VITÓRIA — Quando assumiu o Governo do Espírito Santo em janeiro de 2015, Paulo Hartung teve que renegociar o orçamento daquele ano com o Legislativo, que o aprovara meses antes. O novo orçamento cortou R$ 1,3 bilhão da receita que estava superestimada.

Não só a Assembleia aprovou a alteração, como o Ministério Público, a Justiça estadual e o Tribunal de Contas também aceitaram reduzir seus orçamentos.

10246 6a99c143 a99a 034d 03b8 4d639bb5b8c9No fim daquele ano, a receita do Estado bateu exatamente com a receita prevista, e Hartung nunca atrasou pagamentos a servidores ou fornecedores. 

Em seguida, o Governador enfrentou o que alguns de seus assessores chamam de ‘as sete pragas do Egito’: a queda no preço do petróleo, o desastre ambiental que levou à paralisação da Samarco, que movimenta 5% do PIB capixaba; a maior seca da história do Estado; uma greve na Polícia Militar, e, para completar, a descoberta de que o Governador estava com um câncer (do qual ele já se curou).
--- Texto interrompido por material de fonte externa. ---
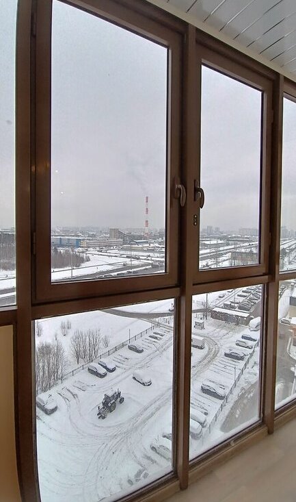 Два балкона с окнами в пол.
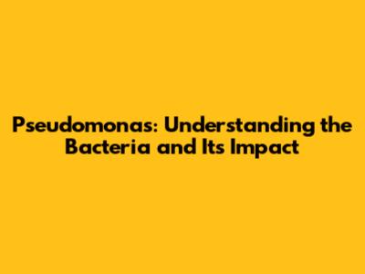Pseudomonas: Understanding The Bacteria And Its Impact
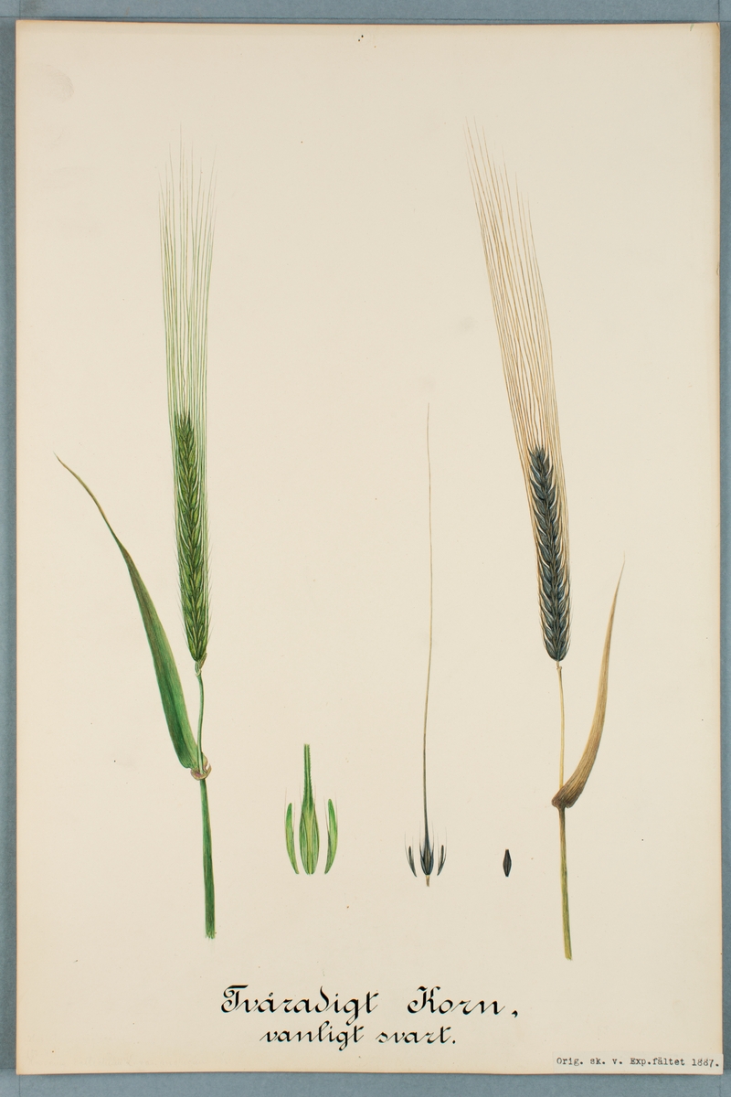 Sveriges kulturväxter. Illustration utförd av Henriette Sjöberg. Korn, tvåradigt, vanligt svart. Odlat Experimentalfältet 1887. Signerad "Henriette Sjöberg Exper fälte 1887.".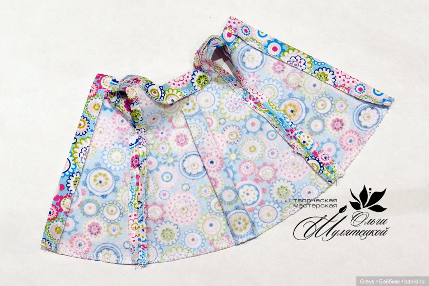 Припуски обметываем строчкой зигзаг. Складки отворачиваем вниз. Юбку подгибаем с напуском 1 см и пришиваем декоративным швом нитками мулине.

Logo no início do mandato, o governador conseguiu aprovar a ‘PEC da Impessoalidade’, removendo logomarcas das propagandas do Estado e acabando com a foto oficial do governador nas repartições públicas.

Hartung é um homem público exemplar numa era de descrédito profundo com a classe política; uma voz de ponderação num ambiente marcado pelo entrincheiramento e tribalização; e um gestor com todas as contas em dia — numa época em que a maioria dos estados está quebrada.  

Por tudo isso, o Brazil Journal procurou o governador para falar sobre a eleição e o futuro do País.



O senhor vê espaço para um acordo que leve a uma candidatura única de centro nos próximos dias, ou o país está condenado a um segundo turno entre dois candidatos cujo maior mérito é ser o anti-outro? 

Espaço nós temos, porque as eleições no mundo inteiro vem sendo decididas em cima da hora. Qual o problema que eu vejo? Quem vai dar o primeiro passo. E todos também acham que a convergência deve ser em torno do seu nome. O fato é que nós temos eleições polarizadas entre os extremos, mas se a gente somar os extremos não chega a 60%. Ou seja, esse campo que eu chamo de reformista, que é onde eu me encontro, estão uns 40% do eleitorado brasileiro. Se este campo sair da fragmentação em que se encontra – uma fragmentação brutal, com cinco candidaturas – e conseguir alguma unidade, ele está disputando o segundo turno, o que seria ideal até para qualificar o debate, que está muito raso. 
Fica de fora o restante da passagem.